Eso sí, mientras unos y otros enarbolaban banderas, de paso contribuían a enterrar del foco mediático una corrupción endémica que pasó a un segundo plano en la agenda pública. Al español, fruto de todo lo transcurrido en estos meses, lo que le preocupaba era que España se rompía. Una ruptura en términos identitarios aderezada con el viso de la indiferencia respecto del pauperismo creciente, la corrupción y otros tantos problemas relegados a un segundo orden.
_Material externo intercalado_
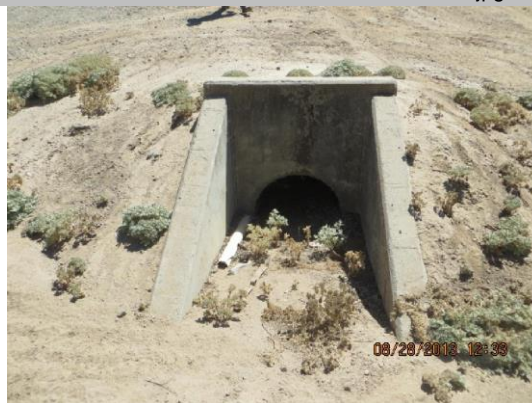
Concrete headwall on LS toe.

Como he defendido en varias ocasiones. Todo se hubiera resuelto con un referéndum vinculante, que bien podía haber supuesto la transformación de una legalidad que no sólo no es inalterable, sino que es susceptible de cuestionamientos a su legitimidad y, sobre todo, al escenario y el contexto de los que emerge. La ley, claro, se puede cambiar, aun cuando todo parece que no, y buena prueba de ello nos la dio Canadá hace unos años, aceptando un referéndum que no estaba previsto en su Norma Suprema.

En España, todo lo que sea sinónimo de orden constitucional e integridad nacional es indiscutible por ser indisociable. Y he ahí el error. Por más que nos guste o no, las detenciones de Puigdemont y sus correligionarios no ponen fin a la cuestión catalana. No ponen fin al independentismo. Y, mucho menos, no suponen solución alguna a un problema hoy por hoy enquistado. La democracia, más que desde la legalidad, se erige desde la legitimidad, la cual exige nuevos debates nacionales o territoriales que no se superan desde el inmovilismo dominante hasta el momento. Más diálogo, más intercambios cooperativos, menos visceralidad y más reconocimiento mutuo. Mientras que la opción dominante pase por un juego de suma cero, en el que uno gana y otro pierde, el diagnóstico seguirá siendo desacertado para un problema que amerita de distinta solución.